We’ve already had a go with the fourth estate, and that appears to be letting us down. If the blogosphere isn’t effective in its contribution to the fifth estate, we will need to try another estate – estate number six, etc., etc., ad infinitum/nauseum. I don’t think anyone wants this to happen, but it will if we just keep blundering along under the pressure of such rapid technological and political developments.
It’s important to remember that blogs are not alone in the fifth estate. The fifth estate comprises all manner of institutions that are stepping up to replace an ailing fourth estate. My understanding of the fourth estate is based on the writing of Thomas Carlyle, which is best and most often summarised by the below quote, from On Heroes, Hero Worship, and the Heroic in History. As you read, consider replacing ‘printing’ with ‘blogging’. It’s quite long, but I haven’t heard anyone say it better.
Or turning now to the Government of men. Witenagemote, old Parliament, was a great thing. The affairs of the nation were there deliberated and decided; what we were to do as a nation. But does not, though the name Parliament subsists, the parliamentary debate go on now, everywhere and at all times, in a far more comprehensive way, out of Parliament altogether? Burke said there were Three Estates in Parliament; but, in the Reporters’ Gallery yonder, there sat a Fourth Estate more important far than they all. It is not a figure of speech, or a witty saying; it is a literal fact,–very momentous to us in these times. Literature is our Parliament too. Printing, which comes necessarily out of Writing, I say often, is equivalent to Democracy: invent Writing, Democracy is inevitable. Writing brings Printing; brings universal everyday extempore Printing, as we see at present. Whoever can speak, speaking now to the whole nation, becomes a power, a branch of government, with inalienable weight in law-making, in all acts of authority. It matters not what rank he has, what revenues or garnitures. the requisite thing is, that he have a tongue which others will listen to; this and nothing more is requisite. The nation is governed by all that has tongue in the nation: Democracy is virtually there. Add only, that whatsoever power exists will have itself, by and by, organized; working secretly under bandages, obscurations, obstructions, it will never rest till it get to work free, unencumbered, visible to all. Democracy virtually extant will insist on becoming palpably extant.
The title, BlogUP!, is derived from the Simpson episode where the Springfield community tried to rescue Bart after he fell down a well, only to find they were then stuck at the bottom: when someone asked how they were going to get out of there, someone else said, ‘We’ll dig our way out!’ When the community started digging, another person cried, ‘No no! Dig UP!’ I think it was Chief Wigam.
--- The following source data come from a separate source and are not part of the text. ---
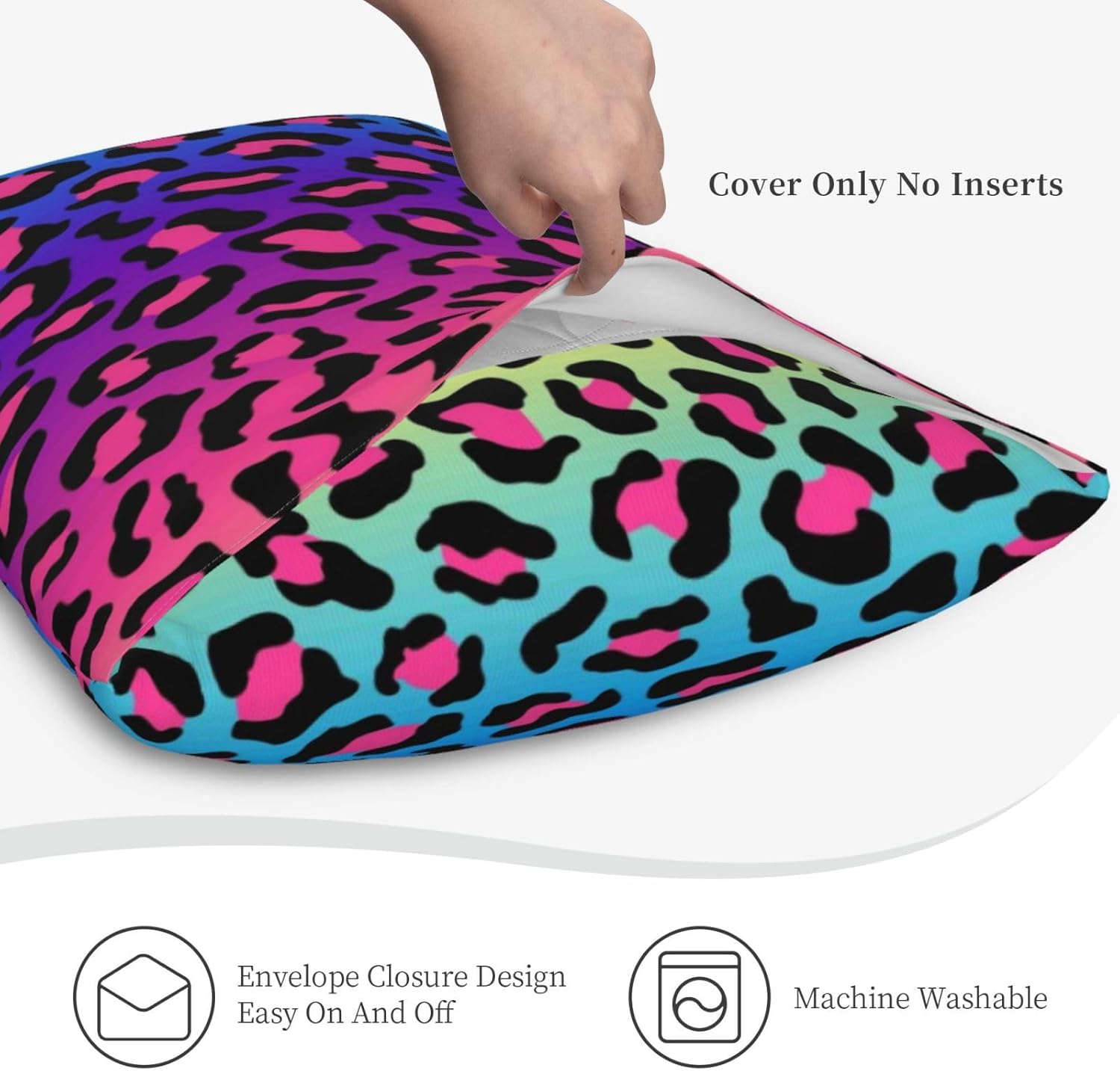 Pevtufa Чехол на подушку Leopard Neon Rainbow Gradient Print с застежкой-конверт Leopard Neon Rainbow Gradient
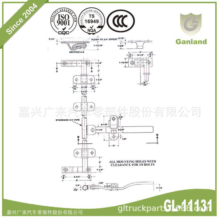 📚 GL-11131铸造锁头锁座铁镀锌四分门锁物流车厢式锁具天地长杆锁
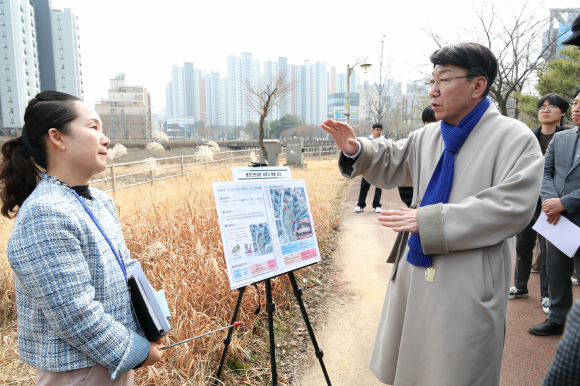 이어 우 시장은 효자4동으로 자리를 옮겨 저류지 용도변경 및 해당 부지에 연꽃과 창포 식재를 요청한 용호근린공원 현장을 둘러봤다.
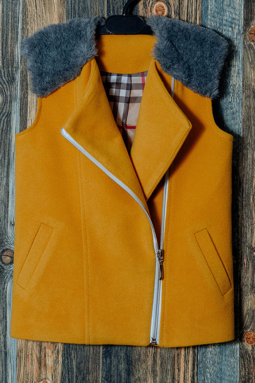 Жилет для маленькой модницы. Выполнено из пальтовой ткани, на подкладке, без утеплителя. Без воротника, с ассиметричной застежкой на молнию. Прорезные действующие карманы. По переду и спинке меховая отделка. Совсем как взрослые, стильно и тепло. Длина по спинке: рост 74, длина 36; рост 80, длина 38 см, рост 86 длина 40 см; рост 92 см, длина 43 см; рост 98 см, длина 45 см; рост 104 см, длина 47 см.
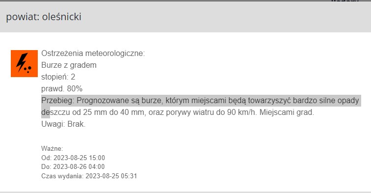 – Prognozowane są burze, którym miejscami będą towarzyszyć bardzo silne opady deszczu od 25 mm do 40 mm, oraz porywy wiatru do 90 km/h. Miejscami grad – informuje IMGW.
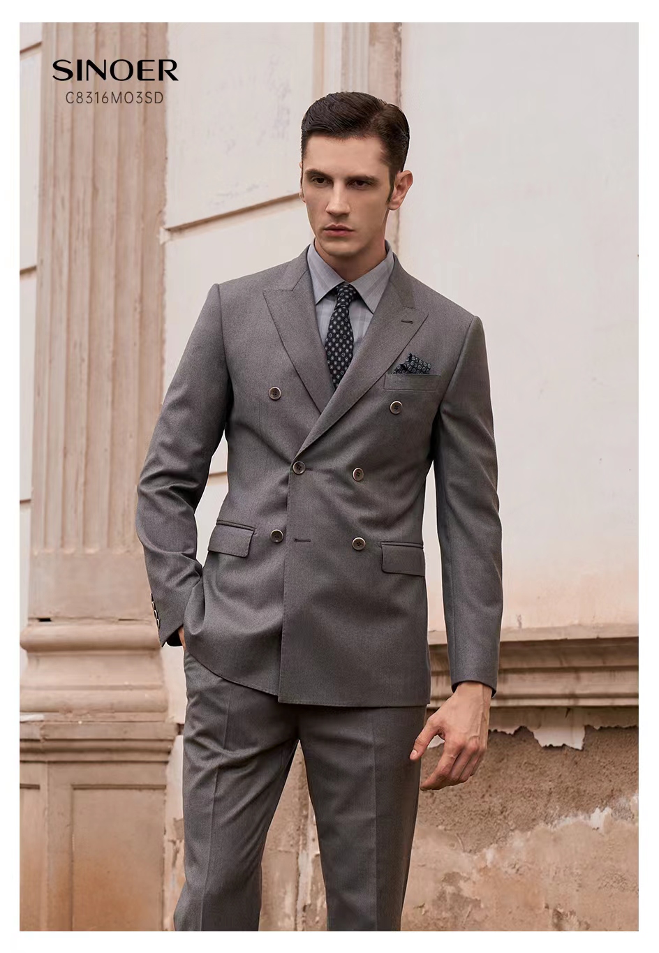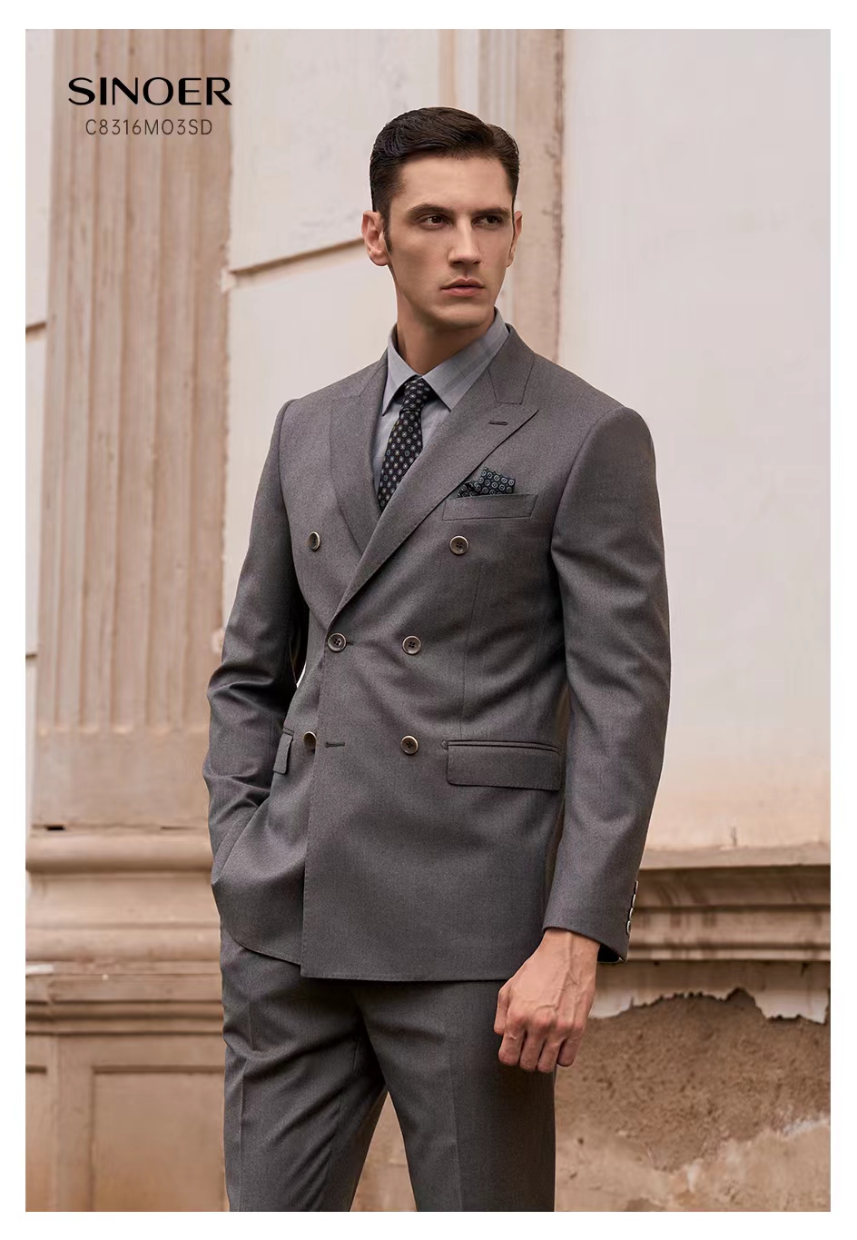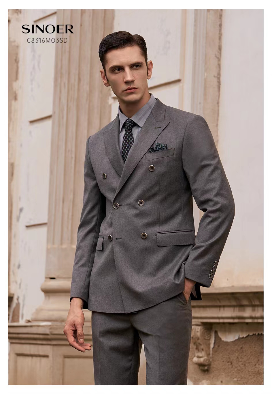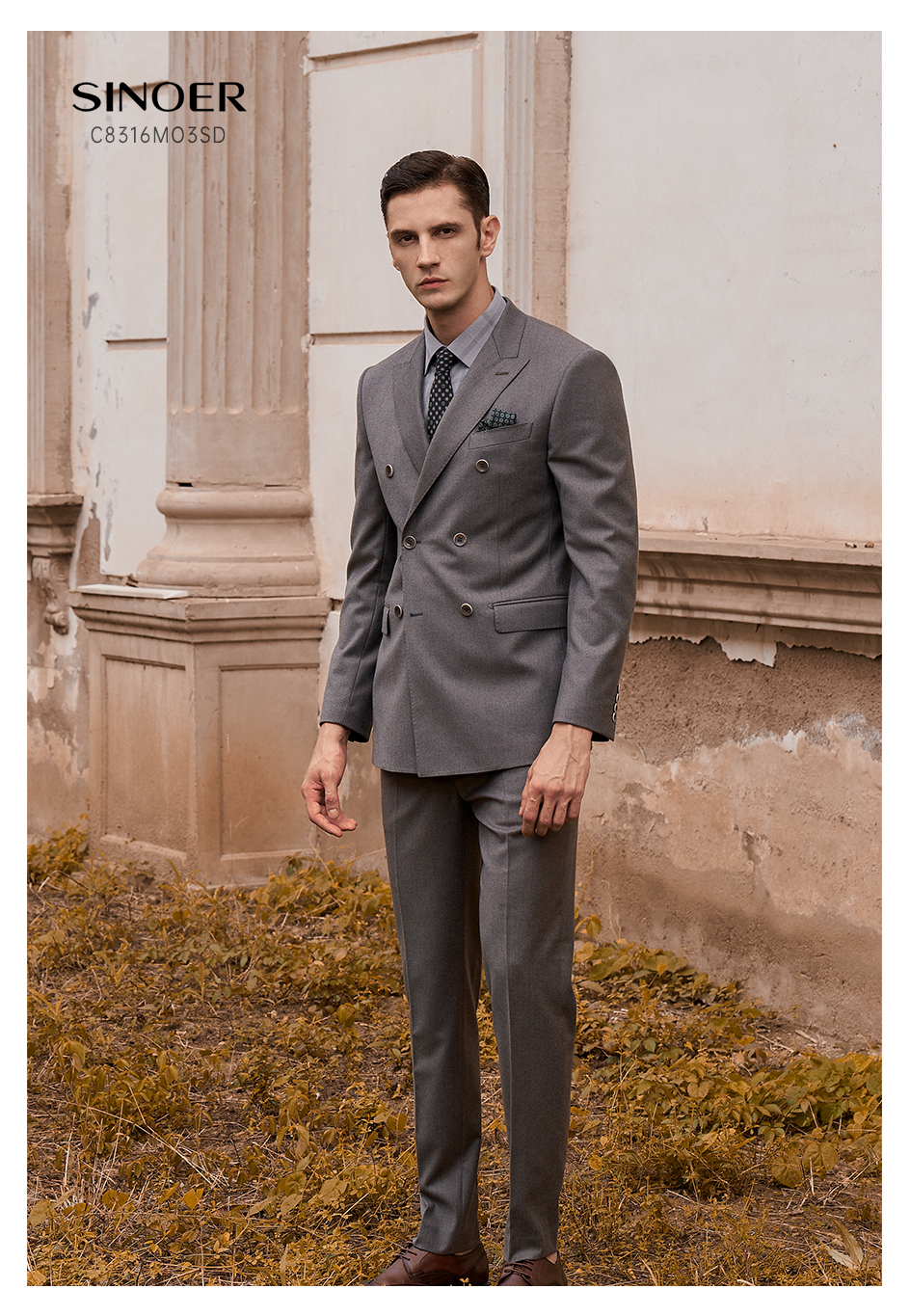 時尚戧駁頭、經(jīng)典版型,雙排六粒扣、下西服直兜、四粒袖扣款式,內(nèi)里采用彎掛面設(shè)計撞色里開里墊和內(nèi)里珠點(diǎn)線,配套西褲采用全新腰里結(jié)構(gòu)設(shè)計,搭配橡根滑腰設(shè)計使穿著更加舒適。
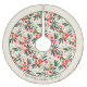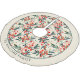 Modern Red Christmas Holly Berries Personalised Brushed Polyester Tree Skirt. Circular tree skirt with a festive holly berry pattern on a neutral background. The design features green leaves and red berries, creating a cheerful holiday vibe. Your personalised family name is on a neutral border.
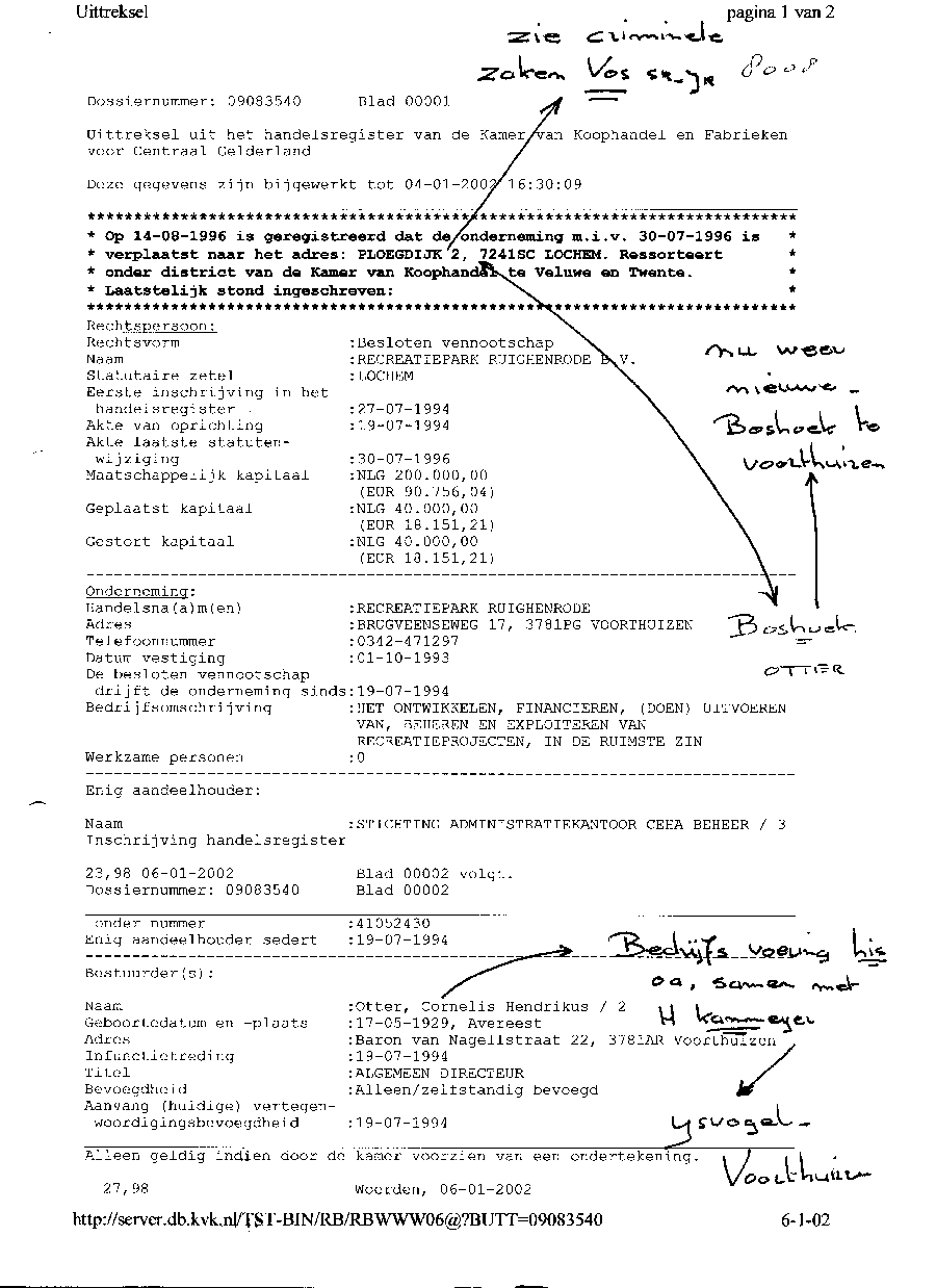 Kadastergegevens Kamer van Koophandel van conglomeraat van parken van Bergervoet sr.
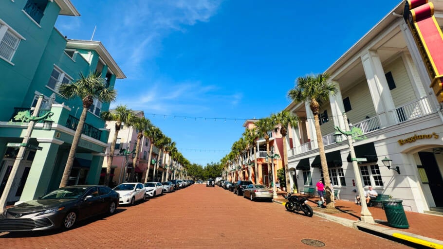 Para o melhor final de tarde em Kissimmee, com direito a música ao vivo e restaurantes lindos, vá ao Promenade Sunset Walk.
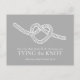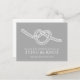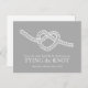 Enkel modern grafisk skiss hjärtformad knut bröllop spara datum postkort i klassisk grå och vit. Att knyta knuten är en klassisk symbol för att visa enheten av två till en varaktig enhet. Enkel knut skiss grafik och design av Sarah Trett.

I have plans for this blog to develop into a collaborative, community hub, with guest bloggers, interviews and of course commenting and contributions to the wiki that still exists, but which is not attached the blog, for now. By clarifying and crystallising blogging practises and princples, we can develop the burgeoning online social media scene that is working to pull us out of the hell-shaped media landscape that’s represented by much of Australia’s MSM: we’ll blog our way out!